Marketing guru Scott Galloway ran some numbers on Amazon's taxpaying earlier this month and had this to say:
The most disturbing stat in business?
Since 2008 Walmart has paid $64B in corporate income tax, while Amazon has paid $1.4B. This is despite the fact that, in the last 24 months, Amazon has added the value of Walmart to its market cap.
Amazon's corporate income tax bill is so small, though, because its corporate income (aka profit) is so small. Wal-Mart's pretax income since 2008 has totaled $209 billion, Amazon's less than $11 billion. So while Amazon's rise to fifth-biggest market cap in the world on the strength of such small earnings is a fascinating and perhaps disturbing phenomenon, it doesn't necessarily signal a problem with our system of corporate taxation.

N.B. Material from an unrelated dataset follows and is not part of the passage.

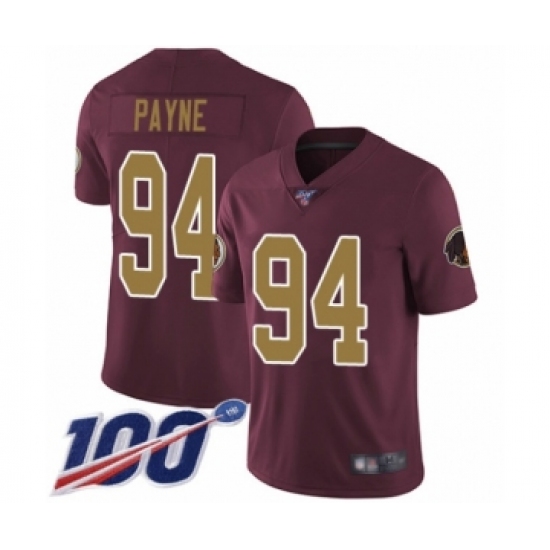 Men's Washington Redskins #95 Da'Ron Payne Burgundy Red Team Color Vapor Untouchable Limited Player 100th Season Football Jersey
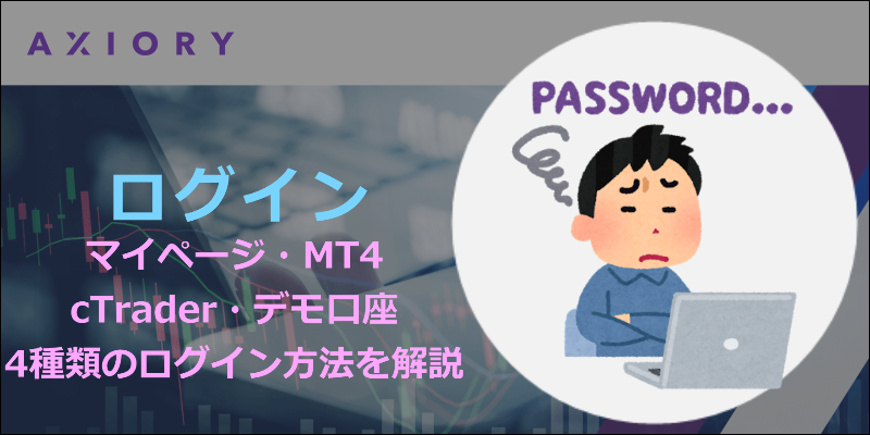 Axiory Axioryへのログイン マイページ(MyAxiory)とMT4のログイン方法 Axioryのログイン方法について解説して行きます。Axioryのマイページ(MyAxiory)、MT4、cTrader、デモ口座のログインを画像付きで紹介します。また、ログインできない場合の対処方法についても分かりやすくレクチャーします。 2025.10.10 Axiory

Other disparities in tax burdens might signal problems, though. So here are those top-20 taxpayers, ranked by their effective tax rates, which I calculated over three years because one-year rates can sometimes be pretty anomalous:
The prominent U.S. corporations facing low effective tax rates share some key characteristics. General Motors' super-teeny-weeny tax rate is a unique product of the government bailout that rescued it in 2009 -- its total reported income tax expense since then is negative $33.6 billion. Most of the other low-rate corporations are either in technology or pharmaceuticals. These companies tend to have lots of overseas earnings, which lowers the effective rate because, as noted, the U.S. statutory corporate rate is among the highest in the world. Their businesses also tend to be built around intangible assets, which can be moved around the world to the lowest-tax jurisdictions at the stroke of a pen.
The corporations that face high tax rates, on the other hand, tend to have U.S.-focused businesses and more reliance on the tangible. They have far less ability to shift operations to where the taxes are lower.